Words mingled with his moans, distant words, confused. She lifted her head out of the sack and was blinded. They had broken through the clouds, and the sun was brilliant and wide. She wore a fox-fur hood and riding goggles. Ice formed quickly around the corners of her glass.

“What did you say?” she called out, yelling into the harsh winds.

“I did not give up,” he said through stuttered breaths, but it no longer sounded like Bakku. Snowy crystals had formed around his eyes and nostrils. His mouth hung open as he gasped for air, and his lips were white with frost. The world was a whiteout of snow and sunlight, and she was freezing in the blazing sun. Still Bakku moved forward. His voice was weak, childlike. Still he climbed. “They chained me, but I did not give up,” he said.

“That’s right!” she yelled at him. “You are unstoppable Bakku! You never give up!” And she thought maybe that was why she cared for him so. He had suffered for centuries in that prison, compared to her brief time in the Ward. And yet he still fought to survive, much like she had always held on to her dream for something more than the orphanage.

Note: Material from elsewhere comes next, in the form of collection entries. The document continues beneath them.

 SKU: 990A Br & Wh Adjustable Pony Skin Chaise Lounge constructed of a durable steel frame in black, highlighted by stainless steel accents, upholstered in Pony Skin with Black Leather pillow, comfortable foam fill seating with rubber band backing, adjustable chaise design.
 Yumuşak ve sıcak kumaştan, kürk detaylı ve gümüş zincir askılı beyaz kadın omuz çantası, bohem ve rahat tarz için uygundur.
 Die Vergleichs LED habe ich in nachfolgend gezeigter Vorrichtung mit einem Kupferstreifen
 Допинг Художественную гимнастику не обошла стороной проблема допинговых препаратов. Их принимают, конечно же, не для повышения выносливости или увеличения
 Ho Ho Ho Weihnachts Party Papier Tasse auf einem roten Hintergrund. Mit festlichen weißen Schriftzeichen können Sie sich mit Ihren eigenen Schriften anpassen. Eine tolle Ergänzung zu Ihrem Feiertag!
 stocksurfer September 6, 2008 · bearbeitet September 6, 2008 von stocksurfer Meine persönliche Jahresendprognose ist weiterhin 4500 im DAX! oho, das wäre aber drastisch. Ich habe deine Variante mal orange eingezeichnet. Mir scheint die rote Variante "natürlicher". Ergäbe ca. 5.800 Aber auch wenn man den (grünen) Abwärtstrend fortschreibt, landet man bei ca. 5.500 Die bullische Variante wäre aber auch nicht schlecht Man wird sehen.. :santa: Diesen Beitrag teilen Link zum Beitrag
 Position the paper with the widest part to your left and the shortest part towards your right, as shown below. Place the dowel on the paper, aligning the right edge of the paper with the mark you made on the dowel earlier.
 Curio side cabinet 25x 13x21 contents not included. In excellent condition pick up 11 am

“So many years,” he said. His eyes were wild, as the ice had seemingly seeped past his scarred flesh and frozen his mind. Ragged layers of frost-bitten skin, like frayed hems from her skirt, hung off his fingers and palms. His feet were lost in the snow. “I rubbed the chains at my ankles,” he said proudly, but sounding near death. “That was all I did. I did not care how long it took. How long was it?” He asked, turning his head to her. His eyes pleaded with hers as the winds whipped at his long ice-covered ropes of hair. She hardly recognized him.

“Over two hundred years!” she shouted, saying the words but finding it impossible to truly fathom such an expanse of time. Two hundred years in chains, while she had lived twelve in practical freedom.

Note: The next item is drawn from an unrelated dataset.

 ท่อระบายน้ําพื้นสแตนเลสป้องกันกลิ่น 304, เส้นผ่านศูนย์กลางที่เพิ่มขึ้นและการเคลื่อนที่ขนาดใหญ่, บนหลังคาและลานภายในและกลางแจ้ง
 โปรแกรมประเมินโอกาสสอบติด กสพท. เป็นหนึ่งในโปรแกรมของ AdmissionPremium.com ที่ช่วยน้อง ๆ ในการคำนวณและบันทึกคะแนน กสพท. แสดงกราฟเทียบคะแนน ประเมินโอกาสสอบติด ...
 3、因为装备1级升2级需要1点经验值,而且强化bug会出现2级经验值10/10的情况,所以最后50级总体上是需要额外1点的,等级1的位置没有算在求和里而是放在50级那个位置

“Two hundred…two hundred years,” he repeated, as if trying to make sense of the words himself. He trudged ahead and climbed. “I twisted the chain for fifty years, and then one day,” he made a snapping motion with his hands. “Three more chains to go! But I never gave up. They did not know, stupid gores. They would come. Clicking and biting,” he said, pulling himself over a ledge as nature’s fury ravaged them for their trespass. “But they never checked my chains. I was patient. Two hundred years, four chains, and the stupid gores did not know. When my hands were free, I started on the bars. I never gave up!” he shouted defiantly, as if to Brynn himself.

“And you never will!” Olen called out, the chill wind taking her breath away.

The ground leveled out and the winds eased. The mountain dropped down below revealing green fields far beyond. They had reached the crest. The colorful lush lowlands stretched ahead to the horizon.

“Stupid gores,” Bakku said and started down the slope.

Olen’s body screamed for her to get out of the cold, but she refused to listen. She wrapped her arms around Bakku’s frozen neck and gave him what little warmth she had left.

“Stupid gores!” she agreed and kissed his jowls.